Using Gemini Code Assist

The full guide for Gemini Code Assist can be found on our documentation page, here are some quick tips.

Invoking Gemini

You can request assistance from Gemini at any point by creating a comment using either /gemini <command> or @gemini-code-assist <command>. Below is a summary of the supported commands on the current page.

Feature	Command	Description
Code Review	`/gemini review`	Performs a code review for the current pull request in its current state.
Pull Request Summary	`/gemini summary`	Provides a summary of the current pull request in its current state.
Comment	@gemini-code-assist	Responds in comments when explicitly tagged, both in pull request comments and review comments.
Help	`/gemini help`	Displays a list of available commands.

Customization

To customize Gemini Code Assist for GitHub experience, repository maintainers can create a configuration file and/or provide a custom code review style guide (such as PEP-8 for Python) by creating and adding files to a .gemini/ folder in the base of the repository. Detailed instructions can be found here.

Limitations & Feedback

Gemini Code Assist may make mistakes. Please leave feedback on any instances where its feedback is incorrect or counter productive. You can react with 👍 and 👎 on @gemini-code-assist comments. If you're interested in giving your feedback about your experience with Gemini Code Assist for GitHub and other Google products, sign up here.

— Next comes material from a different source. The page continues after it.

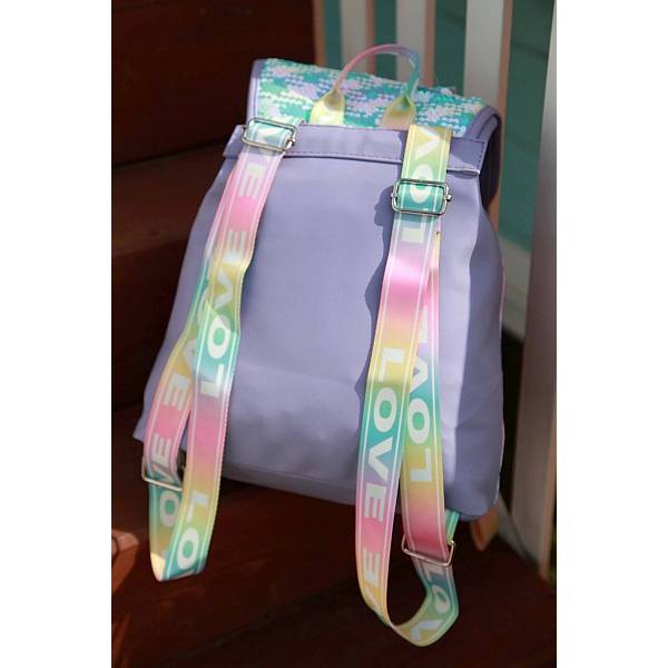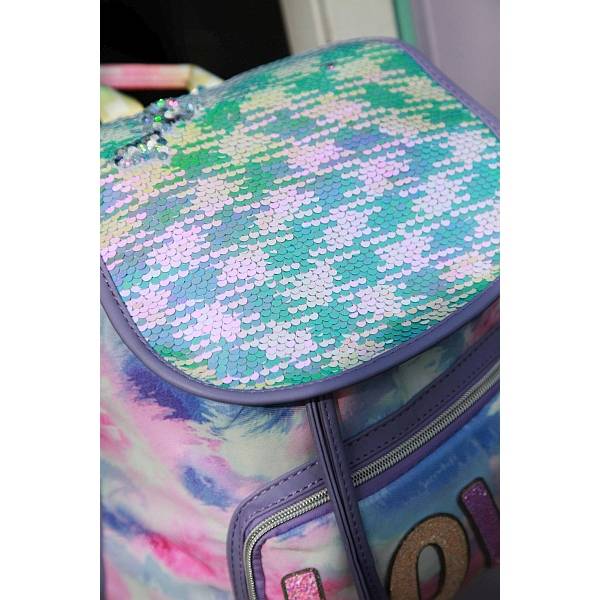 Egyedülálló megjelenésű hátizsák lányoknak, különleges pasztell szivárvány színben, flitteres és csillogó részletekkel az ultra csajos megjelenésért!

You can also get AI-powered code generation, chat, as well as code reviews directly in the IDE at no cost with the Gemini Code Assist IDE Extension.

Review the Privacy Notices, Generative AI Prohibited Use Policy, Terms of Service, and learn how to configure Gemini Code Assist in GitHub here. Gemini can make mistakes, so double check it and use code with caution. ↩

gemini-code-assist

Code Review

This pull request introduces a buffer_only mode for HiCache's host memory, a significant feature for optimizing memory usage in high-throughput scenarios. The changes are extensive, touching core caching logic, memory management, and storage backends. The implementation of a pending write queue to handle backpressure in buffer_only mode is a solid design choice. Additionally, the refactoring in the storage backend interaction to use generic methods for handling different KV cache layouts is a good step towards better maintainability. I've found one critical issue related to a memory leak which should be addressed.

Signed-off-by: Vladislav Nosivskoy <vladnosiv@gmail.com>

stmatengss · 2026-03-15T05:54:34Z

/tag-and-rerun-ci

Signed-off-by: Vladislav Nosivskoy <vladnosiv@gmail.com>

Resolved conflict in hiradix_cache.py: combined upstream's InitLoadBackParams refactor with branch's buffer_only early return in init_load_back.

Signed-off-by: Vladislav Nosivskoy <vladnosiv@gmail.com>

vladnosiv · 2026-04-03T16:00:58Z

/rerun-failed-ci

stmatengss · 2026-04-04T17:16:54Z

/rerun-stage stage-b-test-1-gpu-large

github-actions · 2026-04-04T17:17:18Z

✅ Triggered stage-b-test-1-gpu-large to run independently (skipping dependencies). View workflow run

stmatengss · 2026-04-04T17:19:02Z

@xiezhq-hermann Can we merge this PR if most of the CI tests have passed? The AMD CI tests always fail.

vladnosiv · 2026-04-04T20:01:54Z

/rerun-stage stage-b-test-1-gpu-large

vladnosiv · 2026-04-04T20:20:37Z

/rerun-failed-ci

vladnosiv · 2026-04-06T12:19:03Z

/rerun-failed-ci

vladnosiv · 2026-04-06T14:44:49Z

/rerun-failed-ci

stmatengss · 2026-04-07T02:07:45Z

/rerun-failed-ci

vladnosiv · 2026-04-09T10:05:36Z

/rerun-failed-ci

stmatengss · 2026-04-20T06:17:58Z

I checked this path locally and I think the reviewer concern is valid.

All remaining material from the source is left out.